When a show opens with Cage the Elephant’s “Ain’t No Rest for the Wicked,” you know it’s going to be good. And FOX’s new show Lucifer, based on character originally created by Neil Gaiman in DC Comics’ The Sandman, does not disappoint.

The main reason the show comes off as well as it does is that its protagonist/anti-hero is so well portrayed. His opening scene tells us everything we need to know about him as a character – he speeds down the highway not giving any f***s, gets pulled over, persuades the cop to tell his secrets and then take a bribe, and finally speeds away to his nightclub. I mean really…what did you expect from the devil?

Then there’s the dialogue. There were so many excellent one-liners in the pilot alone (I’ve recapped some of them below, but there were more). The dialogue was fast-paced, sharp-tongued and utterly fantastic. Tom Ellis excels at portraying Lucifer Morningstar as sarcastic and witty.

Yet there’s also an excellent range of emotion there. He’s genuinely dumbfounded by detective Chloe Decker, who is immune to his charms. As the wonderful shrink Linda points out, it bothers him on a fundamental level that he can’t affect her, and he’s immensely intrigued by it – to the point of committing the very un-devilish act of saving her life.

There’s also a lot going on behind the scenes here from an otherworldly point of view.

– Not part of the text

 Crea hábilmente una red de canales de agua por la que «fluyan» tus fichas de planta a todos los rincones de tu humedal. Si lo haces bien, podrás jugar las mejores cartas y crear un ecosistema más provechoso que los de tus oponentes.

Amenadiel the angel shows up to chide Lucifer back into hell, and it’s clear that Lucifer feels he’s been unfairly put upon to be the bad guy. All of which begs the question – what’s actually happening in hell right now? There’s a lot for them to explore from this angle, and I look forward to it.

We also get a few tantalizing glimpses of what Lucifer really is – a brief reflection in some glass of a red-skinned devil, the glowing red eyes he uses to terrify a young child.

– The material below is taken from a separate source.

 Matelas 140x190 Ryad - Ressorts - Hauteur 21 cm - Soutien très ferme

The plot itself was fairly basic and rightfully overshadowed by the dialogue and Tom Ellis just snarking his way through the entire episode. If the show wants to get renewed (and I hope it does), it needs to step up its plot game a little. But that’s the only complaint I’ve really got.

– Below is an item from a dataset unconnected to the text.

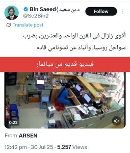 وانتشر الفيديو مع الادعاءات بأنه مصور من زلزال جزيرة كامتشاتكا في روسيا، مرفقا بتعليق:”أقوى زلزال في القرن الواحد والعشرين يضرب سواحل روسيا، وأنباء عن تسونامي قادم.”

Perhaps what I liked most about the show was the way it evoked many different genres. The devils and angels bring both Buffy the Vampire Slayer and Supernatural to mind, two shows I very much enjoy. The crime solving aspects brings to mind normal police shows like CSI and supernaturally oriented ones like Moonlight (sadly canceled a year or so before the great vampire craze) and Sleepy Hollow.

Suffice it all to say, I was excited for this show when I saw the preview – and I’m even more excited now that I’ve seen the first episode. I think I’ve got a new favorite show.

Now don’t f***ing cancel it, Fox.

Other Assorted Thoughts:

  • “The seventh of never til the fifth of it ain’t gonna happen” will be my new default response at work when people ask me when things will be done.
  • The priest recognizing Lucifer and just straight up fleeing…man, that was good.
  • “That’s boooooooring.” Perfect tone of voice. Also, Lucifer doesn’t read minds. He’s “not a Jedi.”
  • “My friends call me Trixie.” “That’s a hooker’s name.”
  • “Pound town” is joining the same list of amazing terms to use in everyday conversation as “spank bank” from Galavant.
  • “You know, you’re going to have to get better at lying if you want to be president.”
  • I’m so incredibly leery of the network this is on. I still haven’t forgiven those asshats at FOX for canceling Almost Human.